Yeni başlayanlar için Hong Kong
“Eğer Hong Kong’da birkaç saatin, birkaç günün tadını çıkaramıyorsanız, sizin için hiç umut yok demektir“ diyor Anthony Bourdain. Doğru söze ne denir! Dip dibe gökdelenlerin yaşattığı labirent hissi, metro duraklarını ve alışveriş merkezlerini bağlayan yer altı caddeleriyle burası en özel yerlerden.
Hong Kong’daki ilk gecemde, burada yaşayan ve 'expat' olarak çalışan arkadaşım Halide ve eşi Aytuğ ile Kowloon’daki Star Ferry iskelesinde buluştuk. Beş dakikalık yürüyüşle yemek yiyeceğimiz lokantanın olduğu gökdelene gidiverdik. Meraklısı için belirteyim, kentin bu bölümü AVM cenneti... İç içe geçmiş AVM’lerde tüm dünya markalarını bulmak mümkün. Ucuz mu? Artık değil. Son beş yılda fiyatların çok arttığı konuşuluyor.
Çok fazla sıra beklemeden asansöre bindik, indiğimizde hâlâ hararetli bir şekilde konuşmaya devam ediyorduk. Lokantanın girişinde rezervasyonumuzu kontrol edip bizi masamıza yönlendirdiler. İçerisi oldukça loştu, masalara doğru yürürken ansızın donakaldım.
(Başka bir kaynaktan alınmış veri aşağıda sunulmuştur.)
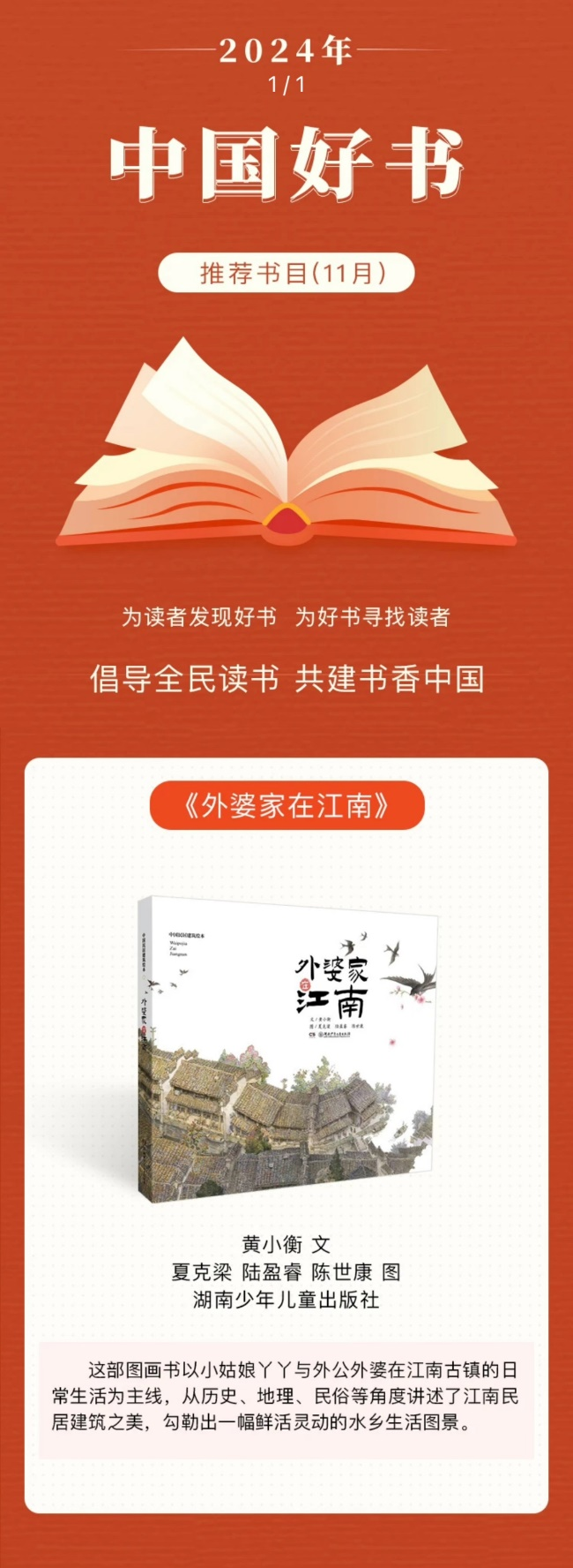 日前,在中宣部出版局指导下,经中国图书评论学会组织评选,2024年11月“中国好书”推荐书目发布。此次共15本图书入选推荐书目,湖南少年儿童社出版的《外婆家在江南》位列其中。
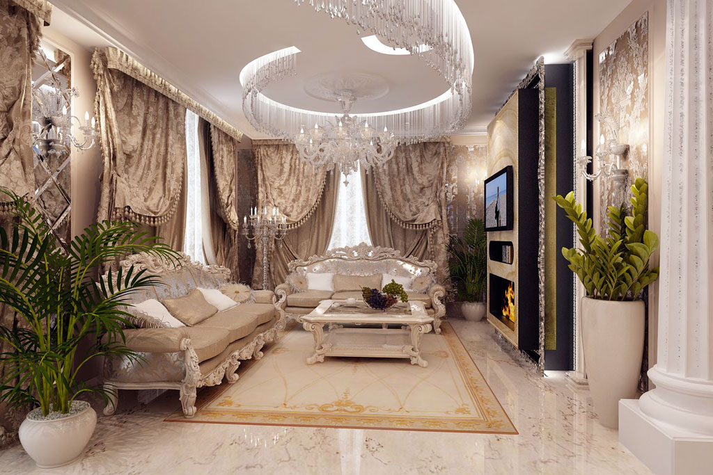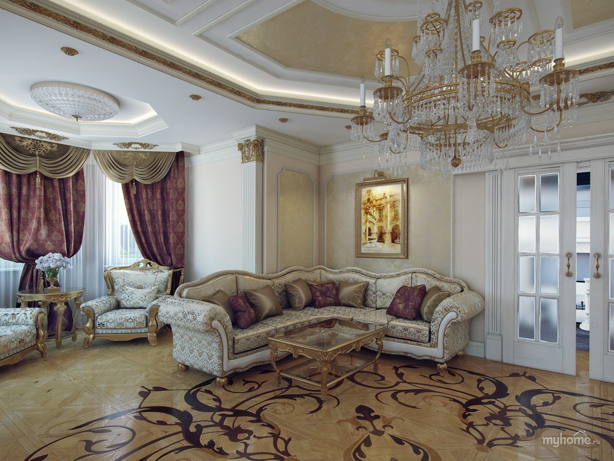 Les meubles doivent être fabriqués sur commande, la sculpture et les tissus d'ameublement coûteux, les jambes pliées ornées dorées et les accoudoirs doivent y être présents. Si vous êtes intéressé par ce à quoi ressemble un salon dans un style baroque exquis, consultez les photos sur des sites de créateurs. Si vous avez une petite pièce, ce style ne vous conviendra pas. Chaque détail est volumineux, grand: figurines, sculptures, peintures.
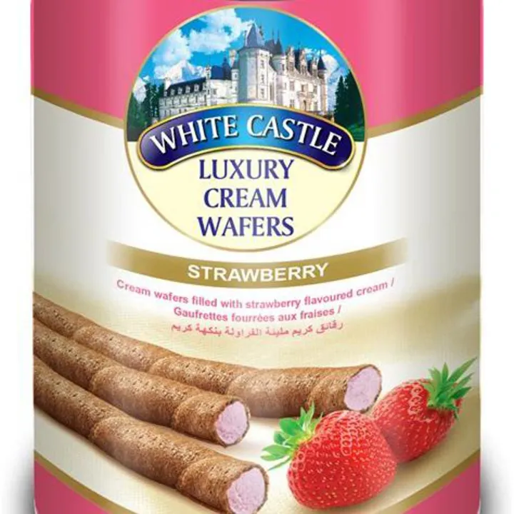 White Castle - Luxury Cream Wafers - Roll Sticks - Strawberry Flavoured - 300g
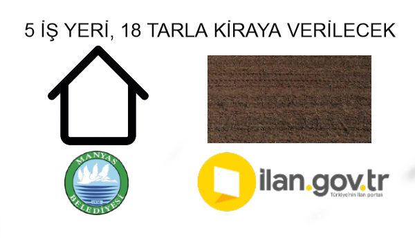 Manyas Belediye Başkanlığı'nca 5 adet iş yeri ve 18 adet tarla kiraya verilecektir.
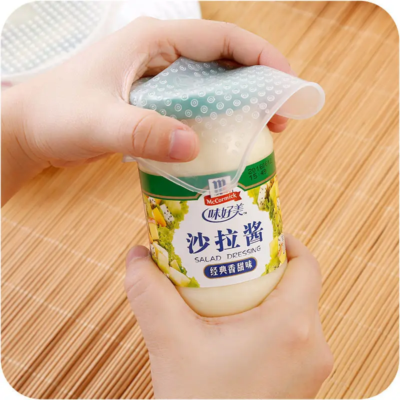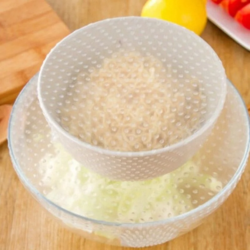 4pcs S/M/L Transparent silicone sealed refrigerator food fruit fresh-keeping cover film reusable kitchen microwave oven heating
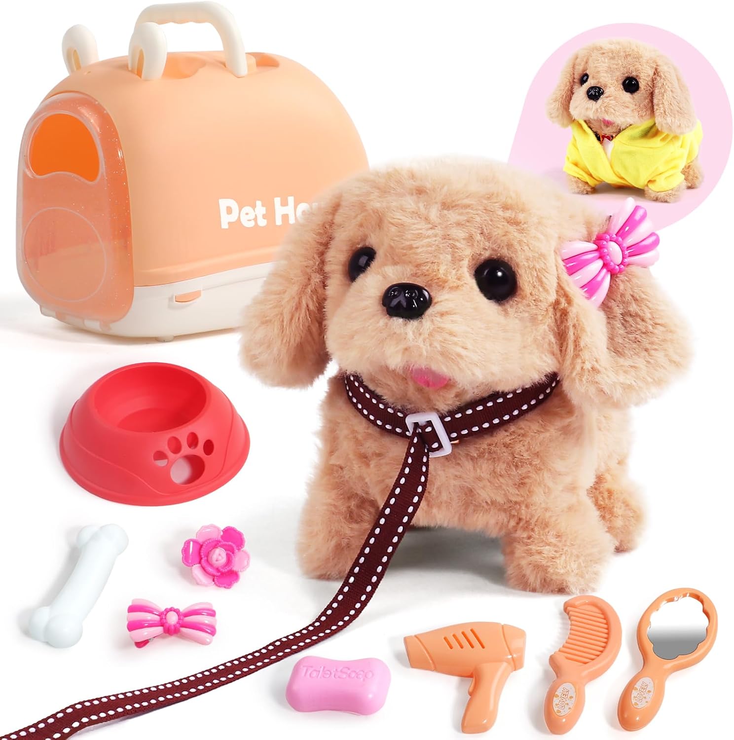 TONZE Dog Toy Children’s Toy Girls from 2 3 Years Dog with Lead for Running and Barking, Cuddly Toy Dog, Small Toy Dog Set (Cape & Hairpin) Dog Game Girl Toy 2 Years
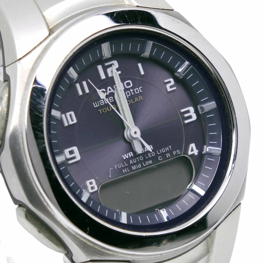 | 仕様 | ムーブメント:ソーラー電波時計 ディスプレイタイプ:アナデジ表示 ケース形:ラウンドフェイス カレンダータイプ:日付、曜日表示 文字盤カラー:グレー |
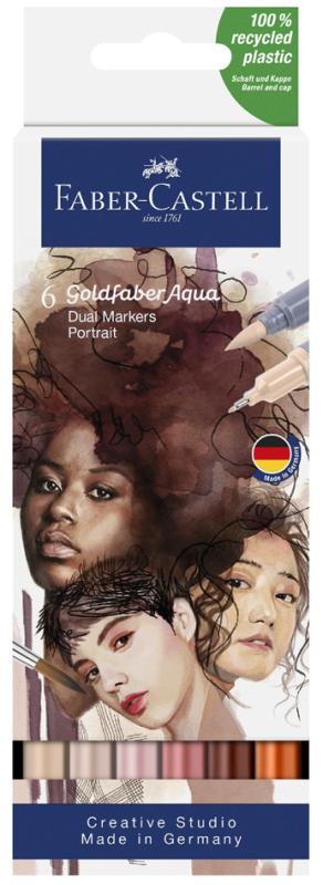Artikelbeschreibung:wasserbasierter Aqua Dual Marker mit zwei Spitzen, weiche flexible Pinselspitze und metallgefasste Finelinerspitze 0,4 mm, wasservermalbar, geruchsneutral, ph-neutral Inhalt: 6 Marker
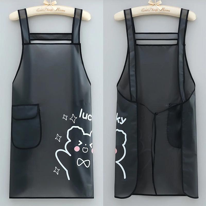 Водонепроницаемый кухонный фартук из ТПУ - Без рукавов, Маслостойкий, Легкий, Подходит для приготовления пищи и уборки, Милый медведь, Простой стиль
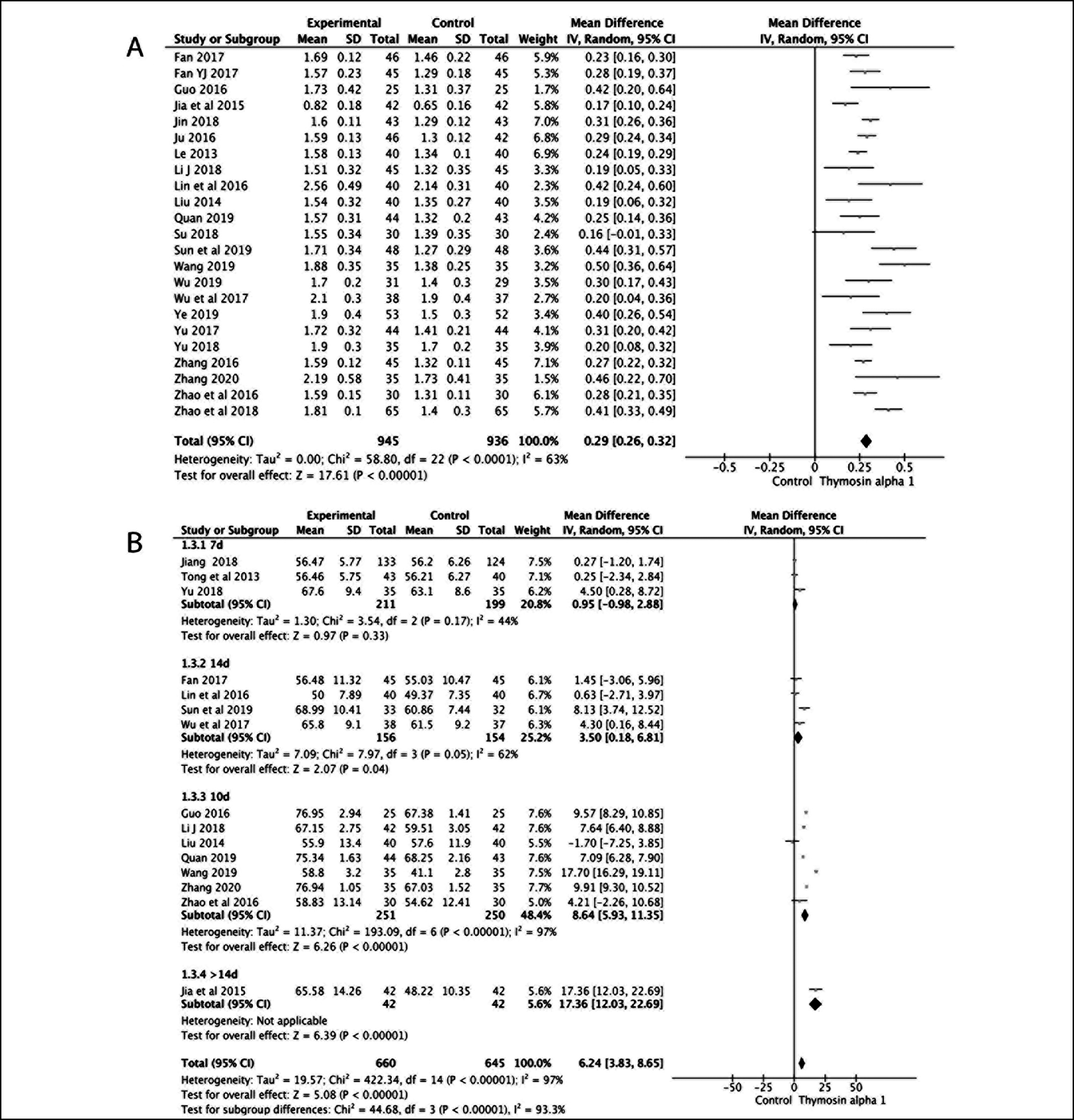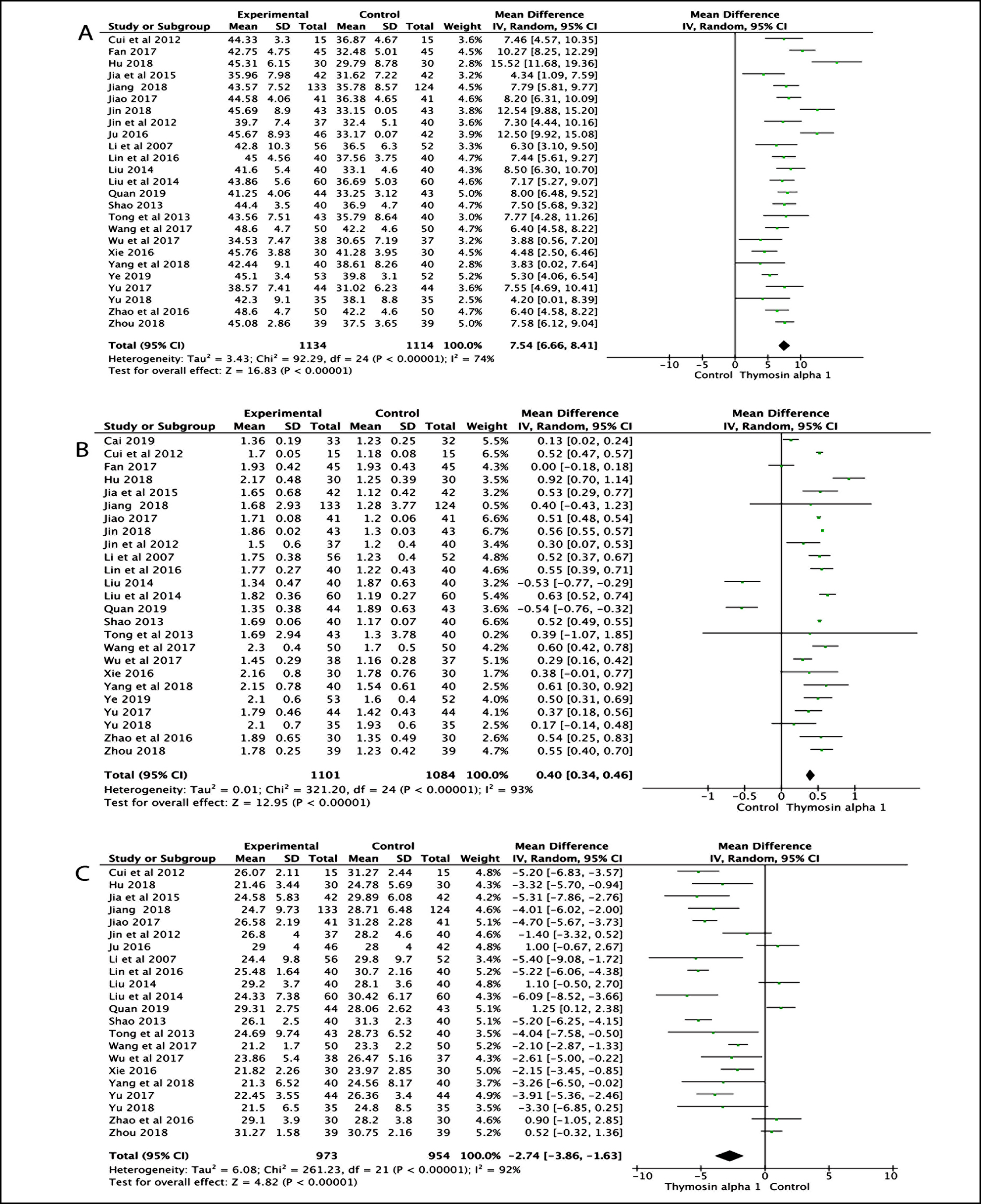 This study has certain limitations. First, the bias risk of many studies was unknown. Risk of bias assessments for the randomisation and concealment allocation were frequently inadequate. Second, the thymosin alpha 1 intervention protocol, including frequency and sessions, varied greatly across studies. This could influence the reliability of the pooled effect sizes and make it difficult for the review authors to draw a definitive conclusion about the optimal recommendation. Third, the meta-analysis showed considerable evidence of heterogeneity between trials. The average illness severity, and age differed from trial-to-trial and the diversity of treatment options might be the source of heterogeneity. Considering the lack of literature and relevant data, the authors did not conduct subgroup analyses. Therefore, more well-designed trials in the near future are a feasible solution to remedy this flaw.

Karşımda yerlere kadar cam olan lokantanın muazzam manzarası... Ağzımdan şunların döküldüğünü hatırlıyorum “muhteşem..." Karşı kıyıdaki Hong Kong Adası, Işıklı gökdelenleriyle rengarenk giyinip süslenmiş bir geyşa gibi karşımdaydı.
Yılbaşı kutlamaları Hong Kong’un olağan ışıltısına ışıltı katmıştı. Bir süre öylece hayran hayran baktım sonra fotoğraf çekmek aklıma geldi. Loca şeklindeki masalardan birine geçtik. Burası Aqua... Japon İtalyan füzyon mutfağı diyebiliriz. Yemekler de şaheser. Birinciliği dana eti rulosu içinde közde patlıcan aldı. Gecenin sürprizi ilk kez yediğim 'yuzu' (bir tür Japon narenciyesi) dondurması. Hong Kong’ta yapılması gerekenler de ikinci sırayı Aqua Restoran alıyor. Ön masalar için mutlaka birkaç gün önceden rezervasyon yaptırmalısınız.
SEÇ BEĞEN AL
Hong Kong’ta böylesi bir gece son yıllarda oldukça popüler olan viski barlardan birinde noktalanabilir. İlk göz ağrım Hibiki oldu. Akşamlar için seçenek bol. Eğer deniz ürünlerine meraklıysanız ve daha lokal takılmak istiyorsanız, bir akşam balıkçı köyü Lei Yue Mun’daki balıkçı lokantalarından birini deneyebilirsiniz. Benim adresim Gateway oldu. Lokantaya girmeden önce leğenlerdeki mini havuzlardaki bin bir çeşit deniz ürünü ve hoplayıp zıplayarak akrobasi yapan balıklar arasından beğendiğinizi seçip yiyebilirsiniz.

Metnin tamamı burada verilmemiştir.